I may not be the best painter and most verbose writer, but I paint, write, and live what my senses perceive in HD. It is my hope that you will also find your flow so that you can be creative in living and being.

 

Day 11: Just Keep Writing

Scribbled a quote by my Braver Goals mentor Arriane Serafico

Scribbled a quote by my Braver Goals mentor Arriane Serafico

The best decision I have made this month was to launch my blog along with the first day of my 15 Days of Writing True class. I have observed in my previous blogs during university that I tend to write sporadically if I do not have a guide or an end-goal in mind for all of my posts. This class has then propelled me forward with daily assignments and the discipline of writing at the same time everyday. I chose 8:00AM because I had the whole office to myself and I could focus on writing as my tasks have not piled up yet. I enjoyed it so much that I also began my 100 Days Project, which entailed a commitment to produce written output for the next 100 days. I also observed the need to hone my technique, so I enrolled in the Writing Room class. I have decided to integrate my assignments for this class in my 100 Days Project and so far, I am feeling the flow.

My goal-setting class Braver Goals has inculcated in me the urgency to commence my passion project and do everything I can to make it work for the next 90 days. I chose my blog as my passion project because I want to write again on a daily basis. I used my hard-earned money to fund my annual subscription. Incurring the expense along with my basic needs has aligned my blog with my priorities. The simple knowledge that I have invested this much to fund my blog has given me the drive to write everyday and not slack off.

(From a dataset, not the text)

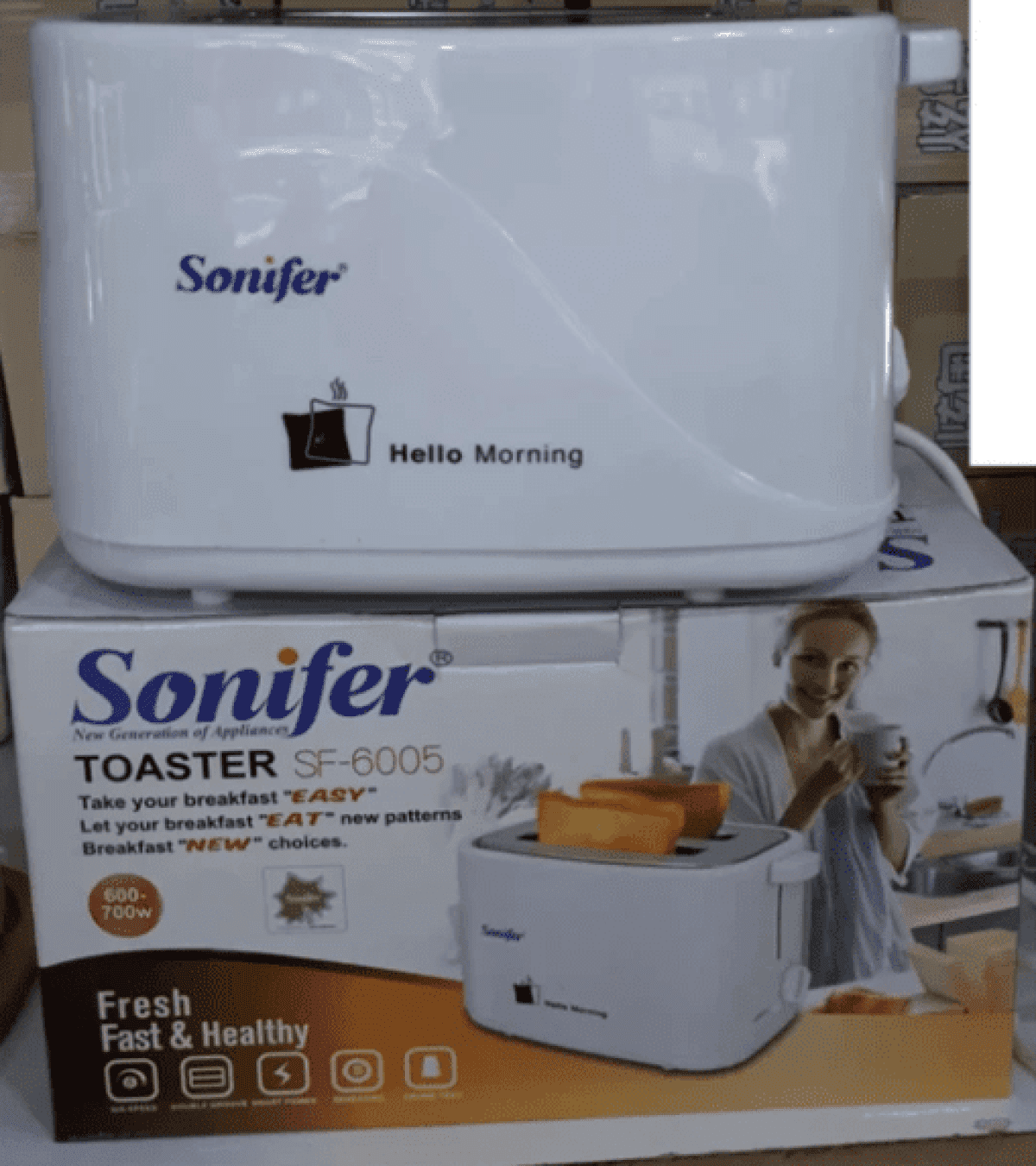 هذا المنتج هو محمصة خبز كهربائية من ماركة سونيفر (Sonifer)، طراز SF-6005. . القدرة الكهربائية: تعمل بقوة 700 وات. المميزات: تحتوي على صينية فتات قابلة للإزالة وتحكم متغير في درجة التحمير. التصميم: هيكل بلاستيكي أبيض مع وظيفة الإخراج التلقائي للخبز.

You might be thinking that I could have just started writing on a free blog. I have done that in the past and it has not prompted me to be diligent with my daily posts. When I paid for my domain name and website, it gave me the responsibility to fulfill my dream. I invested my funds, so now it is time for me to write. I cannot afford to have off-days because I worked hard to make this happen. For that simple reason, I have seamlessly found my flow.

Writing everyday has prompted me to be more mindful with everything. Every experience is a potential blog entry, so I savored my food, coffee, and books. I appreciated the lessons that only actual blogging could teach me, such as getting over typographical errors and editing my work. I also learned to write on the fly, which enabled me to economize on time and effort. On some days that I would feel insecure about my voice or worried that by the time my classes are over, I might run out of things to write, I counter them with action. I just write.

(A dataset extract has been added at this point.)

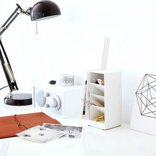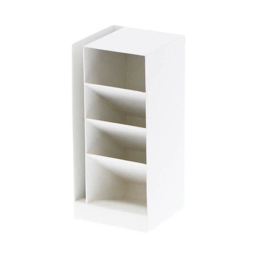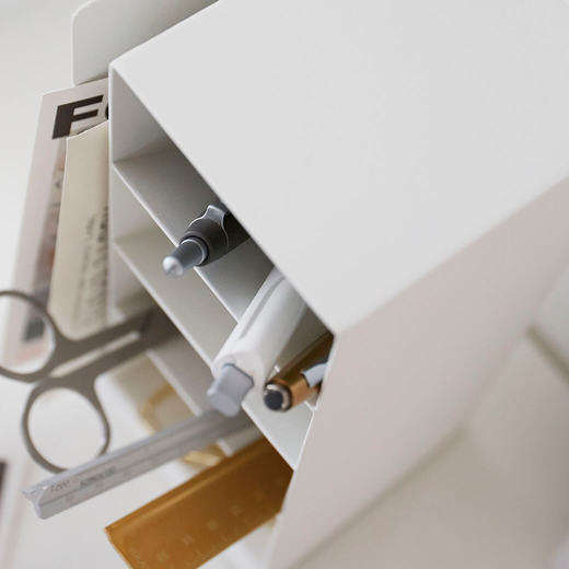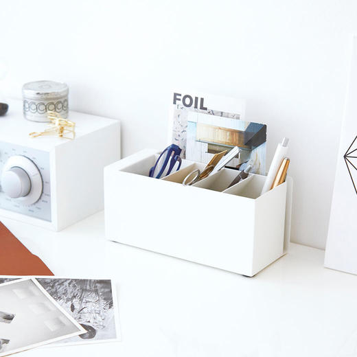 スタイリッシュなペンスタンドです。タテにもヨコにも使えるので、スペースや、収納する物に合わせた使い方ができます。横にはDMや長い定規が立てられるスペースがあり、各仕切りは斜めになっているので、ペン類が取り出しやすくなっています。

This blog is important to me because it is my dream to give my thoughts a home. I want my heart to be rooted in this home, so that my voice could continue speaking out the words I want to say. I want my flow to seamlessly continue, and it is finally happening after many years of not having the courage to be responsible for my dream. This is helping me find reasons to write and to drown out the noise and babble. With each day of my 100 Days Project, I am developing my writing habit as I hone my voice. And with that, I am being brave by sharing myself with every entry here on my island online.